Утро занималось, но дворец был тих, как в самый глухой полуночный час. Одну из комнат в западном крыле окутывало особенное безмолвие; темные занавеси и ковры усиливали дремотный полумрак. Робкий рассвет заглядывал в окна, но еще не приглушил сияние алебастрового светильника под потолком, озарявшего две белые кроватки, составленные бок о бок, маленькие, самой изысканно-классической формы. Белоснежные пологи были собраны в фестоны белыми шелковыми шнурами; за ними на пуху и чистейшем батисте спали три малыша. Их головки не оскверняли чепцы, темные кудри одного розового ангелочка и золотистые – двух мальчиков постарше поблескивали в свете лампы на ясных лобиках. У всех троих были безупречной формы веки, очерченные длинной бахромой ресниц. Все трое блаженно спали – символы безмятежности. Рассвело, лампа померкла. Перемена освещения разбудила младшего. Он проснулся, обнаружил себя в одиночестве, и, по обыкновению младенцев – ибо это был живой ребенок, а не восковая кукла, – запищал, выражая свое неудовольствие. Тут же двое других раскрыли глаза, черные, как ночь. Один встал и, перегнувшись через край собственной колыбельки, устремил не по годам сообразительный взгляд в колыбельку брата, затем резво перебрался к тому в гнездышко и, заткнув ручонкой рот малыша, попытался силой добиться соблюдения тишины, впрочем, сопровождая свои действия поцелуями и такими словами, как: [ неразборчиво ] Артур! Маленький [ конец строки утрачен ].
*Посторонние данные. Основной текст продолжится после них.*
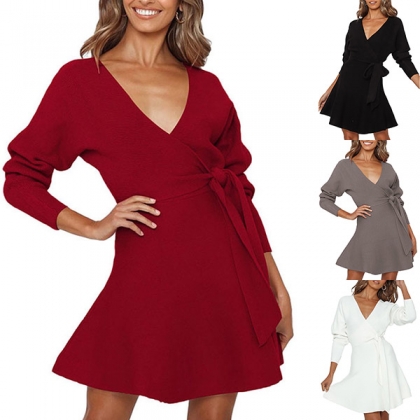 When the days get a little cold,this knit dress can be your wise choice. Solid color style,he v-neck design can help enhance your feminine appeal,while the waist strap design can showcase your slender figure. You can add a sparkle necklace if you wanna look more beautiful.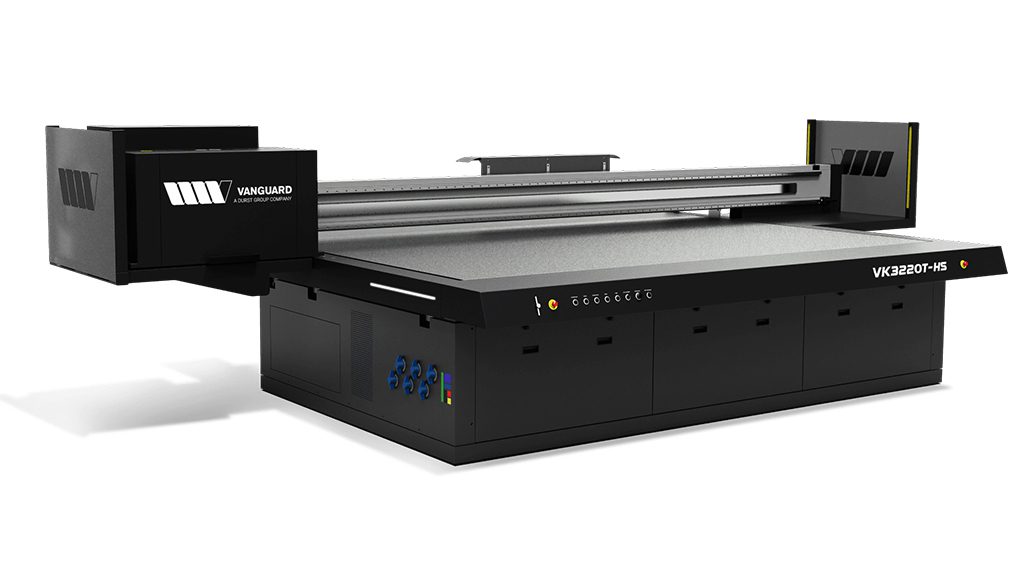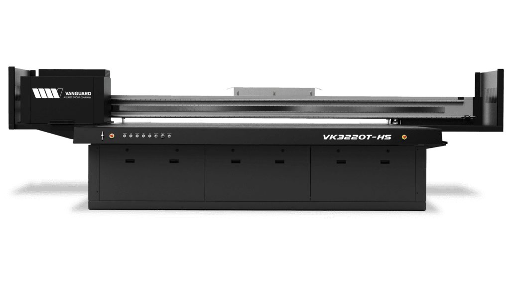 Lawrenceville, GA – October 2023: Vanguard Digital Printing Systems, a Durst Group Company, announces the newest addition to their printer portfolio, promising unparalleled quality at incredible speeds with phenomenal productivity. The highly anticipated North American debut of this brand-new flatbed printer is to be set at the PRINTING United Expo 2023 in their hometown of Atlanta, Georgia. The Vanguard VK3220T-HS ultra-high production UV-LED flatbed redefines productivity. The apex of Vanguard Digital’s evolution, this printer offers a larger bed size, up to three rows of industrial printheads for maximum productivity, an electromagnetic carriage drive system for speed and precise drop placement delivering exceptionally high print quality, as well as field-upgradeability for peace of mind, making this printer the ultimate option for any print service provider. With up to 1800 dpi print resolution and speeds up to 3,875 sqft/h, the only limitation is your imagination. Jim Peterson, COO and Founding Partner, Vanguard Digital North America, commented “The VK3220T-HS is the culmination of years of technological advancements and our response to the demands of the market. We are dedicated to delivering the best printers available, and through our innovation and commitment to our customers, we have created the new benchmark for speed and quality, with a focus on productivity and efficiency. The VK3220T-HS symbolizes the start of a new chapter for Vanguard Digital, and we are so proud to share it with the North American market.” The VK3220T-HS can print on nearly any substrate up to 4″ (10cm) thick and is driven by an electromagnetic drive, ensuring tight dot placement for remarkable print quality and speeds. Combined with a seven-zone, user-selectable vacuum system, this printer ensures efficient hold-down for no unintended media movement and easy transitions between jobs. Other strategic features include auto height detection, one-touch pin registration, front-to-back and back-to-front printing, water-cooled LED curing technology, and ionization bars making the VK3220T-HS flatbed printer the most productive printer for your printshop.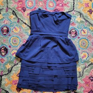BCBGMAXAZRIA Annika Strapless Layered Cocktail Dress Blue 2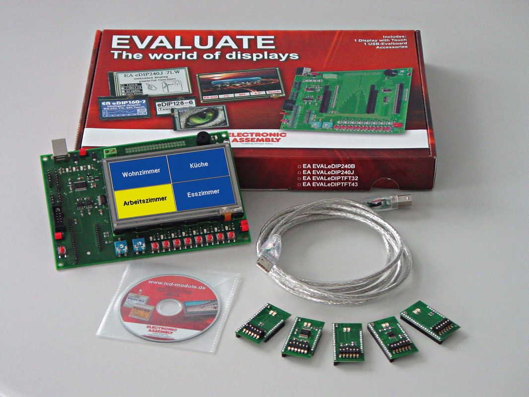 Les kits d'évaluation contiennent chacun un écran intelligent avec son panneau tactile ainsi qu'une carte d'interface pour une connexion directe à l'ordinateur. La carte est reliée à un ordinateur via un port USB, sur lequel est installé l'environnement de développement également fourni. Celui-ci permet de créer des démonstrations à volonté, de modifier les jeux de caractères internes et de définir ses propres macros. De plus, d'innombrables exemples "how-to-use" sont disponibles pour être imités.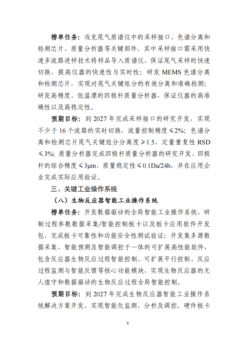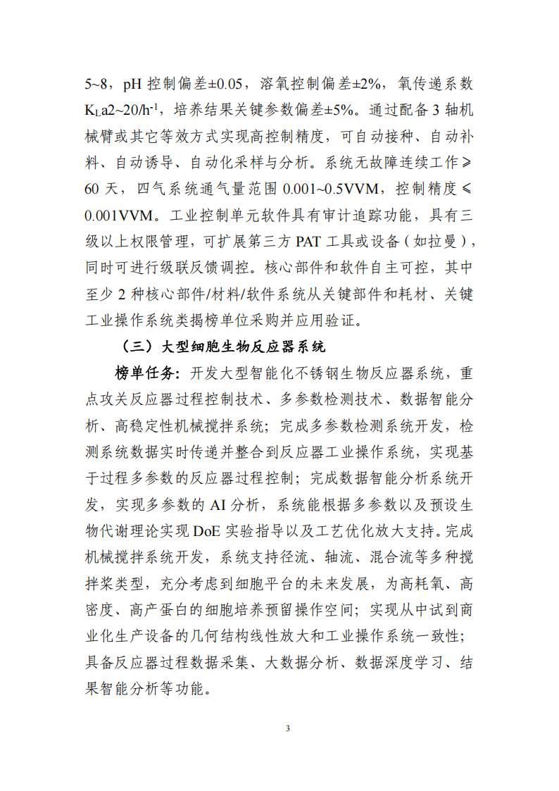 聚焦反应器系统、关键部件与耗材、工业操作系统3类9项揭榜任务,遴选培育一批掌握关键核心技术、具备较强创新能力的优势单位,突破一批标志性技术装备,培育典型应用场景,加速新技术新产品落地应用,提升高性能生物反应器“技术研发—供需匹配—生产制造—规模应用”一体化发展能力。

К счастью, в этот миг дверь королевской детской тихо приотворилась, и вошла дама. Она была в пелерине серого шелка с серебряными пряжками на груди и сдвинутой назад соломенной шляпке, из-под которой выбивались золотистые кудри, обрамляющие воистину аристократическое чело. Поверх шляпки дама набросила газовую вуаль, а в руке держала горностаевую муфту. Идеальная леди, воплощенная элегантность: не королева или герцогиня, не оранжерейный цветок, не дикая роза, но изящный садовый нарцисс. Она скользнула к кроваткам и нагнулась взглянуть на своих детей – ибо то были ее дети. Самым нежным тоном она укорила крошечного деспота и взяла на руки маленького крикуна, теплого и уютного в своей муслиновой ночной рубашонке. Малыш улыбнулся и умолк в тот же миг, как его щека коснулась материнской груди. Затем она с ласковым упреком взглянула на старших. Луч гордости вспыхнул в ее глазах, когда они, с такой здоровой резвостью, вскочили и кудрявыми головками приникли к ней, чтобы разделить с Артуром его подушку. На эту картину стоило посмотреть, и Мэри чувствовала, что даже ее гордый супруг порадовался бы такому зрелищу. Входя в комнату, она была бела как мрамор, сейчас раскраснелась и ожила, лаская королевских детей и думая о том, что они – дети короля. "До свиданья, Ромелла, до свиданья, Хоксклиф", – проговорила Мэри, с гордостью называя своих первенцев их титулами и разом сжимая в объятиях обоих наследников воинственного престола. "И до свиданья, Артур Уэлсли, – продолжала она, осыпая самыми нежными поцелуями дитя, в котором было меньше всего ее собственной бледной утонченности и больше всего – отцовского румяного пригожства. – Сегодня папа о вас услышит, если маму примут хорошо и она посмеет замолвить словечко за других. Думаю, я имею право немножко его разжалобить, раз я мама трех таких благородных сыновей".